[EXCERPTED RECORDS Boundary: Start]
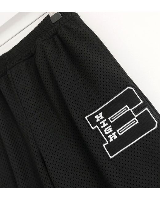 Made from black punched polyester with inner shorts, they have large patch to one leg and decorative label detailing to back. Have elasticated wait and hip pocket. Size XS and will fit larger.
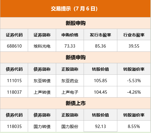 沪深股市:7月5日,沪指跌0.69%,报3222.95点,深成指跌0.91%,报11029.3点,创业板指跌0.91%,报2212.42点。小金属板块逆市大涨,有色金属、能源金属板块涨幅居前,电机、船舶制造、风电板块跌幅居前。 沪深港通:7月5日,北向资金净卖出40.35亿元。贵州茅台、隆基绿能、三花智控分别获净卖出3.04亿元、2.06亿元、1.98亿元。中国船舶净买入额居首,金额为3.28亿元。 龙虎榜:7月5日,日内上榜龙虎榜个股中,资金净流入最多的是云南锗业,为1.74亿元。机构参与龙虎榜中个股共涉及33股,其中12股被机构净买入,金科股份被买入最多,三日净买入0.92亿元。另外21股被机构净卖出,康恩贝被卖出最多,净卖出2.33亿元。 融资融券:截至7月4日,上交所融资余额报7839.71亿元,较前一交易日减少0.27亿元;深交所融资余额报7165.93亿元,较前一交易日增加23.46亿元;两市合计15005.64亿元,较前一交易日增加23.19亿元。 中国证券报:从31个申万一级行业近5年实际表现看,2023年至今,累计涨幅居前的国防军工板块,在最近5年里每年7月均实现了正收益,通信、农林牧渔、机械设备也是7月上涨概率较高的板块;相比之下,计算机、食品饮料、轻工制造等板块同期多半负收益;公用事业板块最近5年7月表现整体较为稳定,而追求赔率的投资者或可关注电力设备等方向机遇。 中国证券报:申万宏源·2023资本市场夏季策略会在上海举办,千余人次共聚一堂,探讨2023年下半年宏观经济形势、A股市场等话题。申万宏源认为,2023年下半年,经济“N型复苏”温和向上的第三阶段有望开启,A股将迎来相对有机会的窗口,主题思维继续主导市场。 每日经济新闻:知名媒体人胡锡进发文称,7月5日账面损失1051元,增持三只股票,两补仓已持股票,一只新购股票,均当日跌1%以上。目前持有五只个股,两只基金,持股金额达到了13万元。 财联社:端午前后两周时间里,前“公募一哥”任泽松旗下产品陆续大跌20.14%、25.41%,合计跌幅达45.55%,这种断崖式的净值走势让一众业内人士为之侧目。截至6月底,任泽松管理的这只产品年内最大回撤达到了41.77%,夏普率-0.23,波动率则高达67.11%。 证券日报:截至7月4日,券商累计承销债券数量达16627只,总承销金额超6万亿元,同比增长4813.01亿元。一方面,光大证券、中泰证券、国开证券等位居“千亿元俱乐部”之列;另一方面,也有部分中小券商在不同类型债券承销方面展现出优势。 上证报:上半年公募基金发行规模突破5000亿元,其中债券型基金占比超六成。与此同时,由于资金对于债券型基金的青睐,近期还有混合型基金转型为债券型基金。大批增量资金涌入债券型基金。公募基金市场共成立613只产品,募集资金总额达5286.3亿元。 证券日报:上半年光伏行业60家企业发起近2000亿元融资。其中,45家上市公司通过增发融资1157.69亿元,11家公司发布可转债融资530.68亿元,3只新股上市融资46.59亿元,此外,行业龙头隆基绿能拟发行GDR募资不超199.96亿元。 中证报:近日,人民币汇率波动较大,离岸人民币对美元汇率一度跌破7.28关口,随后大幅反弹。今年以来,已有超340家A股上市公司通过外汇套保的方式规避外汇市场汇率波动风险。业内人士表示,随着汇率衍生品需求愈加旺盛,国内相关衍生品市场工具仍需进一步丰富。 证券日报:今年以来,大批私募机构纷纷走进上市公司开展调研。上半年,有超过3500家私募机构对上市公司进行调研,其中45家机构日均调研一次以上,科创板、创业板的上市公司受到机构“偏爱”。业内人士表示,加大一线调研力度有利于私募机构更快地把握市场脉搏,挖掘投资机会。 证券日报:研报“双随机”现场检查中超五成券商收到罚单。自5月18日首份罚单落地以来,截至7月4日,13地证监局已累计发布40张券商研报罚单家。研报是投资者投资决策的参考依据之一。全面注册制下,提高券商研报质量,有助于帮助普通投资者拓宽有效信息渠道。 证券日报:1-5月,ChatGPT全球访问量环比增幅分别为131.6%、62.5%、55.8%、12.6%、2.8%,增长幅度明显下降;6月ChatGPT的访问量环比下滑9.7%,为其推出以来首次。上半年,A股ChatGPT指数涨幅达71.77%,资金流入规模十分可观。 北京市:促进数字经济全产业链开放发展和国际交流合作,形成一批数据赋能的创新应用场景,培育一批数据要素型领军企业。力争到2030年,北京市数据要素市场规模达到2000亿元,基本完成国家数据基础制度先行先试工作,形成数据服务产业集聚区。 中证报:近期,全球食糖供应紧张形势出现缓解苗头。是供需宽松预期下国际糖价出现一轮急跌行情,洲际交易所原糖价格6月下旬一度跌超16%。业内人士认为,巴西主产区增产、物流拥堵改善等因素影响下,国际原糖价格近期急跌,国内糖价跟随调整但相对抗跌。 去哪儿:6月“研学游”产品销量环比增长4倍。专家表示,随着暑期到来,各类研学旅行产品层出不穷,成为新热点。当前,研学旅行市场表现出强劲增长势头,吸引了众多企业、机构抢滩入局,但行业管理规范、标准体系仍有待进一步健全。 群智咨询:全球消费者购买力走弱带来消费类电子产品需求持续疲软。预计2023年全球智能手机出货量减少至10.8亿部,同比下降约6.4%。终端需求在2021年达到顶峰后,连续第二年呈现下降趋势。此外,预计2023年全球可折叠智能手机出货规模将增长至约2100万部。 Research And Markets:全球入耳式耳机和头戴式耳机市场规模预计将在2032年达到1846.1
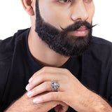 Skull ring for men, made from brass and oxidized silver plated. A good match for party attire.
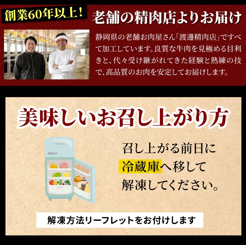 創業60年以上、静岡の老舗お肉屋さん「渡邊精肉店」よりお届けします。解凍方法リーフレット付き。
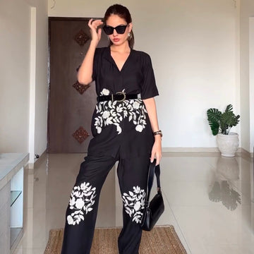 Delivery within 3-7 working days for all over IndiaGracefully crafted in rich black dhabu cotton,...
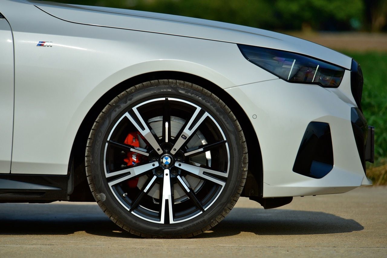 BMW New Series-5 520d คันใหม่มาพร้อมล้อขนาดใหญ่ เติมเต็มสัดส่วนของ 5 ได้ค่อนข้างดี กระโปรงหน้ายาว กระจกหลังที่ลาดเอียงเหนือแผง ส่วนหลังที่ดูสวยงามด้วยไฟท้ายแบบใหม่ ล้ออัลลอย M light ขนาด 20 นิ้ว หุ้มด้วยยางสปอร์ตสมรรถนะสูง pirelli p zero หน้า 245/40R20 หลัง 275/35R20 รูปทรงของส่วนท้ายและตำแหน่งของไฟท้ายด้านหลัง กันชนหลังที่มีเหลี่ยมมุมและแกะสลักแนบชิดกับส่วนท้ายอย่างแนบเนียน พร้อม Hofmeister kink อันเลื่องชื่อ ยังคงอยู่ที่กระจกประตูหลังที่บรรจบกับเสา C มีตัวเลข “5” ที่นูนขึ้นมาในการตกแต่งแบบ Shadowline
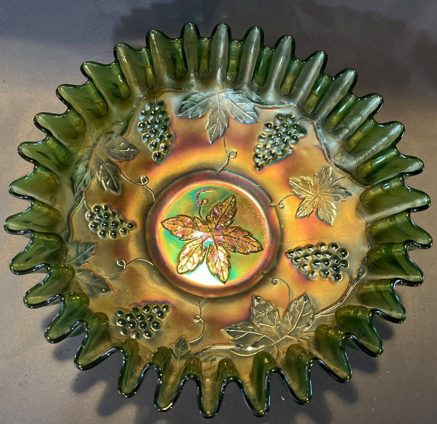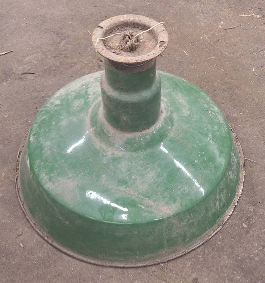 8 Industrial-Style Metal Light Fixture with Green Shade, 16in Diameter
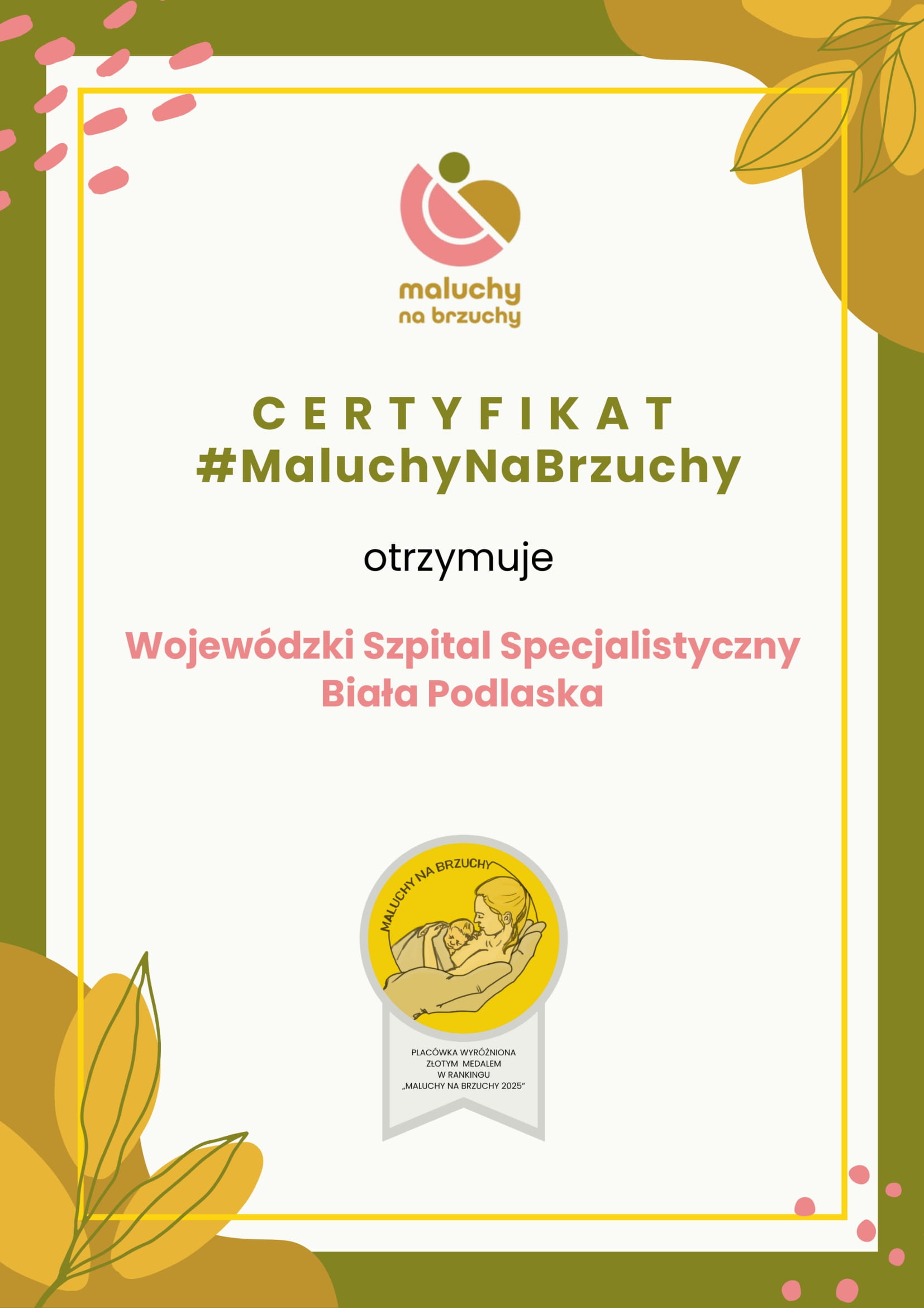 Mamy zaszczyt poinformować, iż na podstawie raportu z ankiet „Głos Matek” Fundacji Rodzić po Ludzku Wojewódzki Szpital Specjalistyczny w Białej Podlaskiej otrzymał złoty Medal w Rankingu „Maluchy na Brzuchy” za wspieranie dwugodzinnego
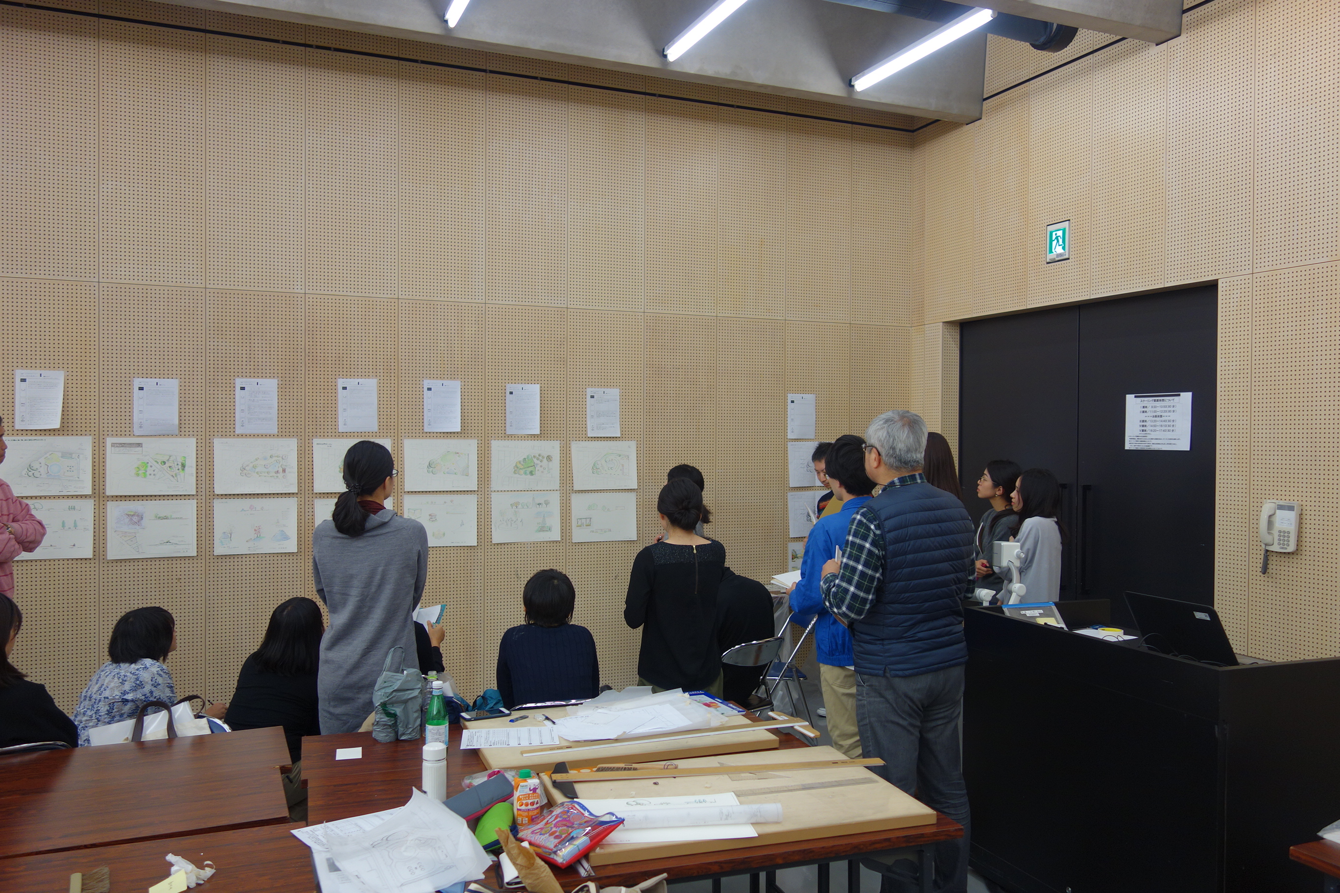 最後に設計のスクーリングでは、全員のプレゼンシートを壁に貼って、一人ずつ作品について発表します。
[EXCERPTED RECORDS Boundary: End]
» **WORK ITEM**
Word for word, restate the lines above from the one with "創業60年以上、静岡の老舗お" through the one with "Delivery within 3-7", keeping both ends and dropping the pictures.

» **RESULT OF THIS EXERCISE**
 創業60年以上、静岡の老舗お肉屋さん「渡邊精肉店」よりお届けします。解凍方法リーフレット付き。
 Delivery within 3-7 working days for all over IndiaGracefully crafted in rich black dhabu cotton,...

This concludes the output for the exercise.